# Goal of the exercise
What you return should be only the lines starting at the one that contains "Данный вид постройки" and running to the end of the listing, exactly as written, minus any pictures.

# Data to process
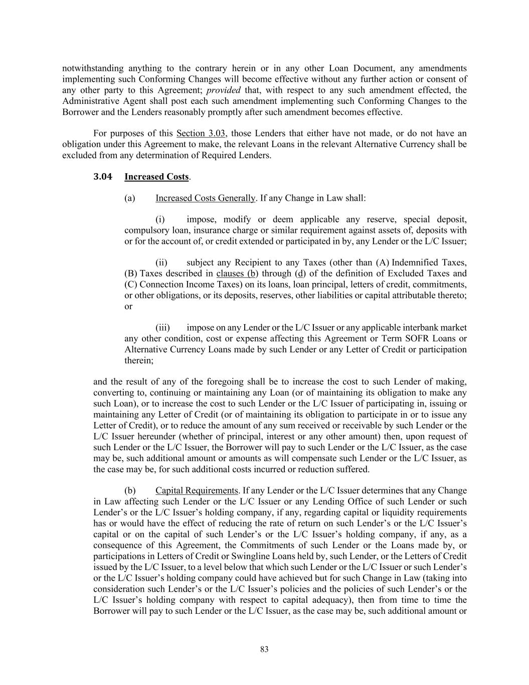 83 notwithstanding anything to the contrary herein or in any other Loan Document, any amendments implementing such Conforming Changes will become effective without any further action or consent of any other party to this Agreement; provided that, with respect to any such amendment effected, the Administrative Agent shall post each such amendment implementing such Conforming Changes to the Borrower and the Lenders reasonably promptly after such amendment becomes effective. For purposes of this Section 3.03, those Lenders that either have not made, or do not have an obligation under this Agreement to make, the relevant Loans in the relevant Alternative Currency shall be excluded from any determination of Required Lenders. 3.04 Increased Costs. (a) Increased Costs Generally. If any Change in Law shall: (i) impose, modify or deem applicable any reserve, special deposit, compulsory loan, insurance charge or similar requirement against assets of, deposits with or for the account of, or credit extended or participated in by, any Lender or the L/C Issuer; (ii) subject any Recipient to any Taxes (other than (A) Indemnified Taxes, (B) Taxes described in clauses (b) through (d) of the definition of Excluded Taxes and (C) Connection Income Taxes) on its loans, loan principal, letters of credit, commitments, or other obligations, or its deposits, reserves, other liabilities or capital attributable thereto; or (iii) impose on any Lender or the L/C Issuer or any applicable interbank market any other condition, cost or expense affecting this Agreement or Term SOFR Loans or Alternative Currency Loans made by such Lender or any Letter of Credit or participation therein; and the result of any of the foregoing shall be to increase the cost to such Lender of making, converting to, continuing or maintaining any Loan (or of maintaining its obligation to make any such Loan), or to increase the cost to such Lender or the L/C Issuer of participating in, issuing or maintaining any Letter of Credit (or of maintaining its obligation to participate in or to issue any Letter of Credit), or to reduce the amount of any sum received or receivable by such Lender or the L/C Issuer hereunder (whether of principal, interest or any other amount) then, upon request of such Lender or the L/C Issuer, the Borrower will pay to such Lender or the L/C Issuer, as the case may be, such additional amount or amounts as will compensate such Lender or the L/C Issuer, as the case may be, for such additional costs incurred or reduction suffered. (b) Capital Requirements. If any Lender or the L/C Issuer determines that any Change in Law affecting such Lender or the L/C Issuer or any Lending Office of such Lender or such Lender’s or the L/C Issuer’s holding company, if any, regarding capital or liquidity requirements has or would have the effect of reducing the rate of return on such Lender’s or the L/C Issuer’s capital or on the capital of such Lender’s or the L/C Issuer’s holding company, if any, as a consequence of this Agreement, the Commitments of such Lender or the Loans made by, or participations in Letters of Credit or Swingline Loans held by, such Lender, or the Letters of Credit issued by the L/C Issuer, to a level below that which such Lender or the L/C Issuer or such Lender’s or the L/C Issuer’s holding company could have achieved but for such Change in Law (taking into consideration such Lender’s or the L/C Issuer’s policies and the policies of such Lender’s or the L/C Issuer’s holding company with respect to capital adequacy), then from time to time the Borrower will pay to such Lender or the L/C Issuer, as the case may be, such additional amount or
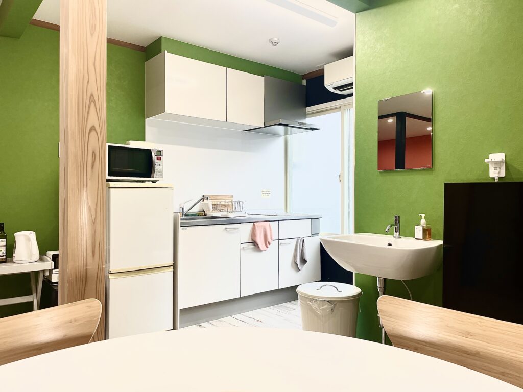 備 品 | 調理道具(包丁・まな板・フライパン・鍋など)・食器類(グラス・お皿・スプーン類・箸など) |
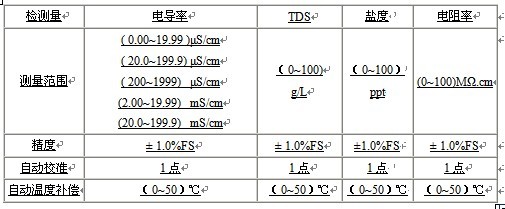 儀器在不更換電的情況下可切換電導率,電阻率,TDS,鹽度四個參數來測量。
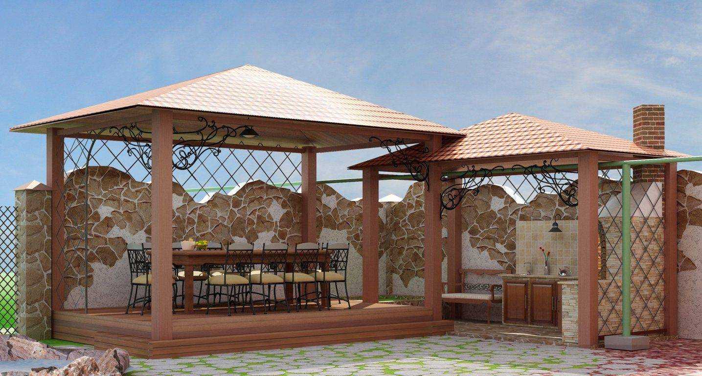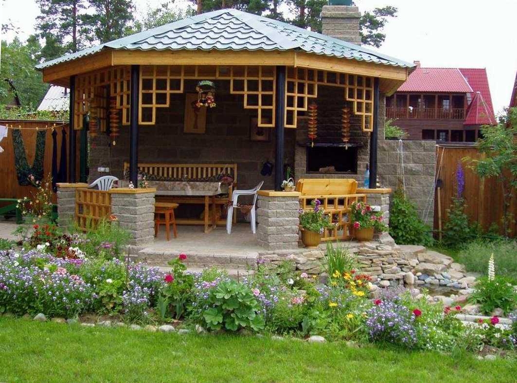 Данный вид постройки защищает от легких капризов погоды типа дождя или ветра, при этом можно наслаждаться всеми прелестями природы – пением птиц, цветочными ароматами, красивыми пейзажами. Внутри нее можно найти место для мангала или даже для полноценной печи.
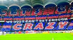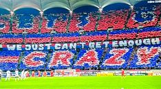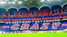 La începutul meciului de pe Arena Națională, galeria FCSB-ului a realizat o scenografie care s-a întins pe toată suprafața peluzei. Pe un fundal roș-albastru, fanii liderului din Superliga au afișat un mesaj în limba engleză: „Let’s go crazy / We just can’t get enough”.
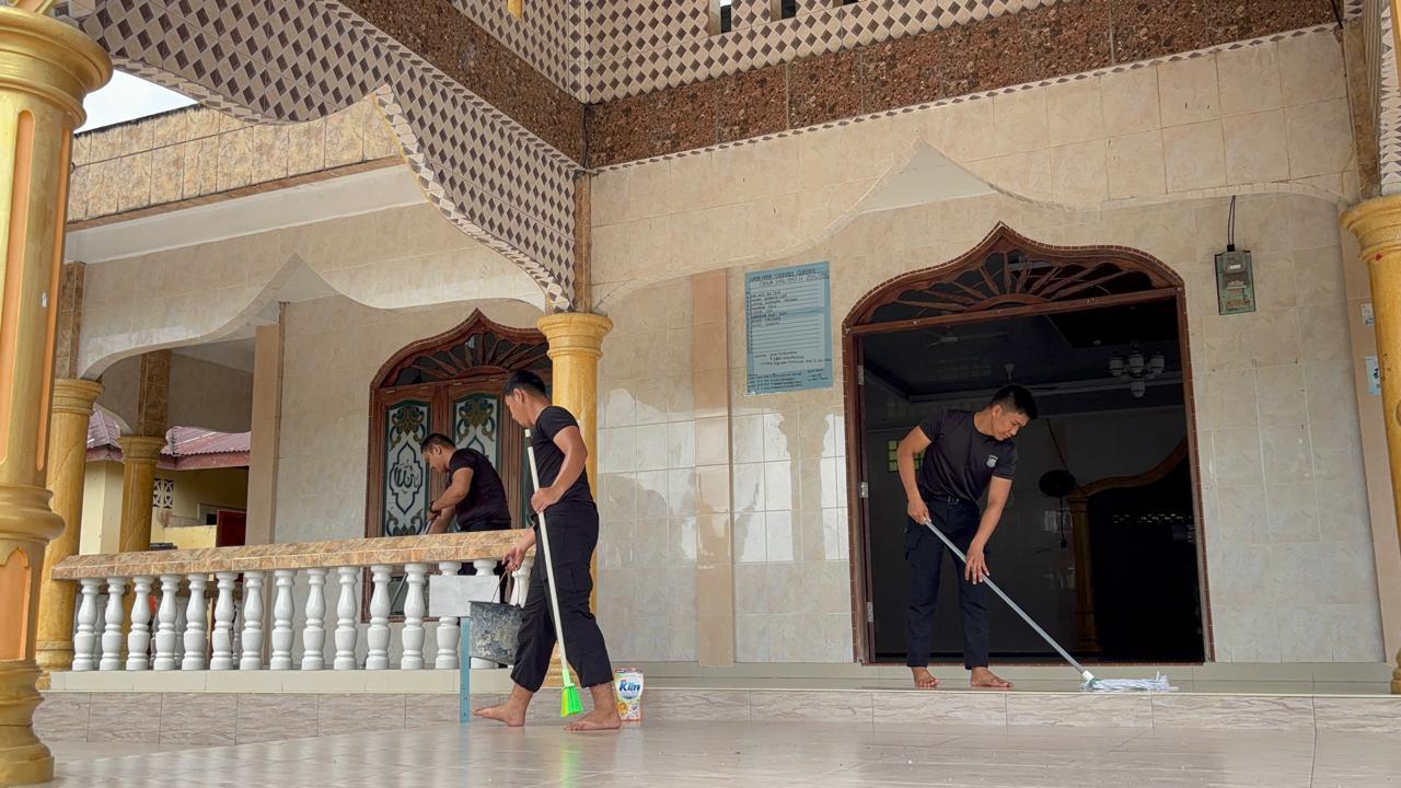 Kegiatan dipimpin langsung oleh Komandan Kompi 4 Batalyon C Satuan Brimob Polda Sumut, AKP Sanro Situngkir, dan diikuti oleh seluruh personel Kompi 4 dengan penuh semangat gotong royong. Dalam suasana penuh kekeluargaan, para personel bahu-membahu membersihkan area masjid, mulai dari halaman, tempat wudhu, hingga bagian dalam ruang ibadah, sebagai wujud kepedulian dan rasa hormat terhadap rumah ibadah umat muslim.

# Your response
 Данный вид постройки защищает от легких капризов погоды типа дождя или ветра, при этом можно наслаждаться всеми прелестями природы – пением птиц, цветочными ароматами, красивыми пейзажами. Внутри нее можно найти место для мангала или даже для полноценной печи.
 La începutul meciului de pe Arena Națională, galeria FCSB-ului a realizat o scenografie care s-a întins pe toată suprafața peluzei. Pe un fundal roș-albastru, fanii liderului din Superliga au afișat un mesaj în limba engleză: „Let’s go crazy / We just can’t get enough”.
 Kegiatan dipimpin langsung oleh Komandan Kompi 4 Batalyon C Satuan Brimob Polda Sumut, AKP Sanro Situngkir, dan diikuti oleh seluruh personel Kompi 4 dengan penuh semangat gotong royong. Dalam suasana penuh kekeluargaan, para personel bahu-membahu membersihkan area masjid, mulai dari halaman, tempat wudhu, hingga bagian dalam ruang ibadah, sebagai wujud kepedulian dan rasa hormat terhadap rumah ibadah umat muslim.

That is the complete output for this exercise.